L'an prochain, BMW, Mercedes-Benz et Audi présenteront des véhicules autonomes de niveau 3 qui nécessiteront une intervention humaine dans les 10 secondes, sans quoi le véhicule ralentira jusqu'à s'arrêter dans sa voie.

Cependant, d'autres constructeurs, comme Nissan et Honda, travaillent actuellement sur des systèmes qui donneront 30 secondes au conducteur pour se préparer et reprendre les commandes du véhicule avant que ce dernier amorce une manoeuvre pour se garer en bordure de la route.

Seulement, des recherches menées par le constructeur automobile suédois Volvo ont démontré que les conducteurs au repos ou distraits par des appareils électroniques avaient besoin de deux minutes pour réagir correctement et reprendre le contrôle du véhicule. « Et c'est absolument impossible.
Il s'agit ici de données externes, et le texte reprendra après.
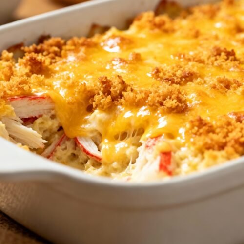 Looking for a cozy, crowd-pleasing bake that comes together fast and tastes like a creamy seafood hug? This Cheesy Imitation Crab Casserole Bake checks every box. It’s rich, bubbly, and loaded with tender imitation crab, sweet onions, and melty cheese. Think weeknight comfort with weekend flair.

Ces résultats écartent l'idée du niveau 3 », a déclaré le PDG de Volvo Cars. En s'alignant avec l'unité de recherche de Google/Alphabet, Waymo, qui a fait des découvertes similaires, Ford projette lui aussi de sauter complètement le niveau 3. Selon le PDG de Waymo, John Krafcik, « le niveau 3 pourrait bien s'élever au rang de mythe » et « ne vaut peut-être pas la peine d'être développé ».

Niveau zéro

L'an dernier, le ministère des Transports des États-Unis a adopté les niveaux de conduite autonome de la SAE qui commencent par le niveau 0, lequel requiert une attention humaine constante. Le niveau 5 ne nécessite aucune assistance du conducteur et le niveau 3 correspond à ce que la SAE décrit comme une « automatisation conditionnelle » où le conducteur humain doit répondre aux demandes du véhicule et intervenir en cas de besoin.
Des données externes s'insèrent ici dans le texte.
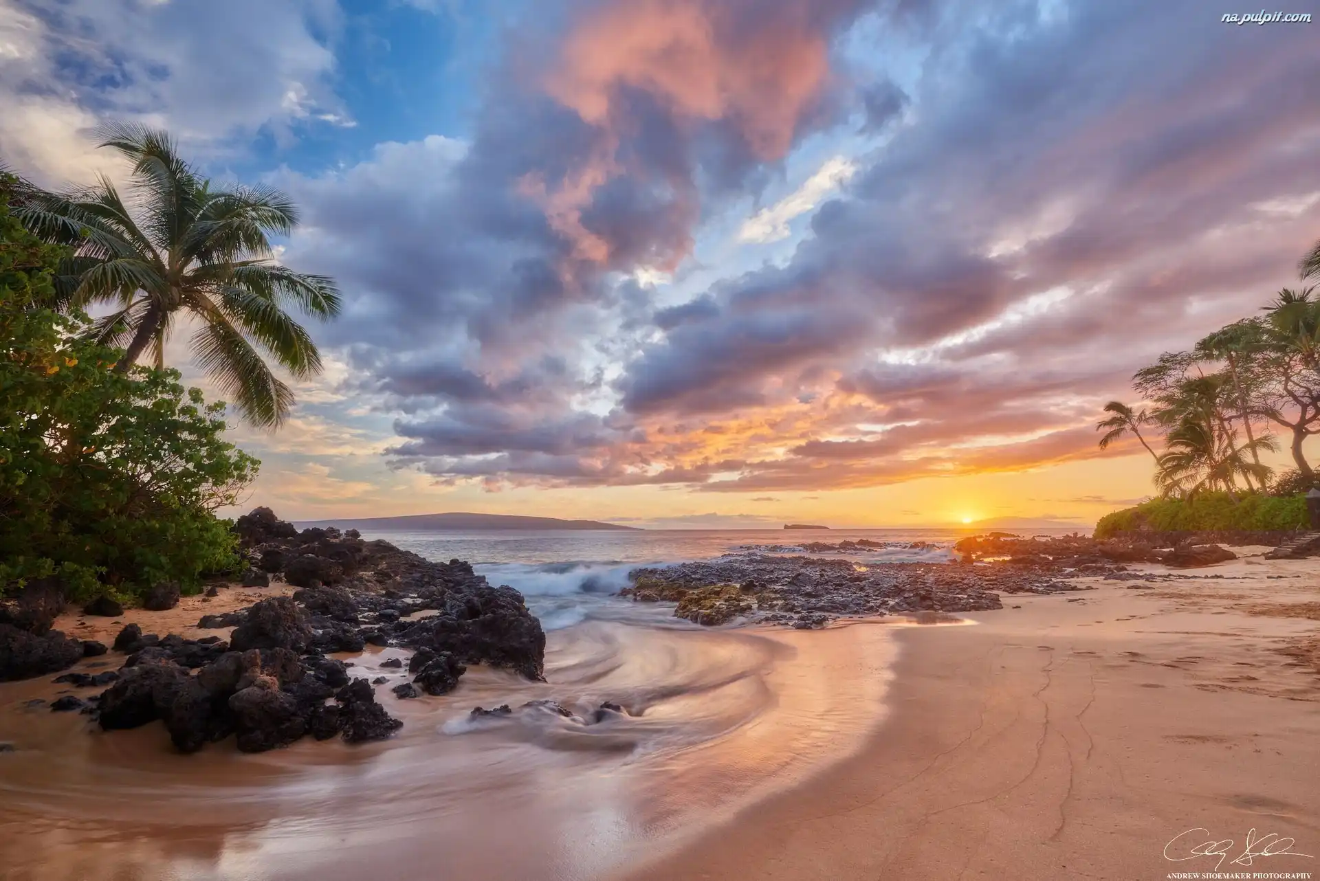 Wyspa Maui, Palmy, Chmury, Morze, Hawaje, Zachód słońca Na Pulpit

La plupart des constructeurs automobiles croient que l'humain devrait interagir avec le système de conduite autonome afin d'éviter une collision dans des situations de conduite compliquées ou d'urgence. D'autres, comme Ford et Volvo, jugent qu'un conducteur humain inattentif ou distrait ne ferait qu'aggraver la situation s'il devait réagir en quelques secondes dans une situation d'urgence potentiellement mortelle.
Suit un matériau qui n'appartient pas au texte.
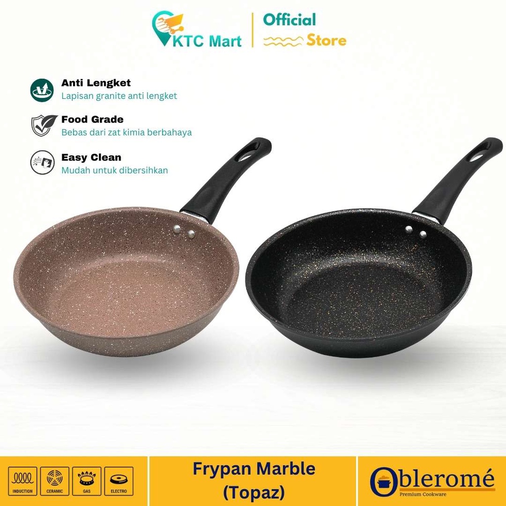 OBLEROME Wajan Goreng Masak Anti Lengket Frypan Granite Marble Anti Lengket Penggorengan Anti Lengket KTCmart

Les véhicules autonomes de niveau 3 devraient-ils permettre à un humain distrait de réagir ? Les constructeurs automobiles devraient-ils écarter complètement le niveau 3 et attendre que des systèmes plus avancés qui nécessitent moins l'intervention humaine soient développés ? Probablement que seuls l'avenir et des tests supplémentaires nous le diront.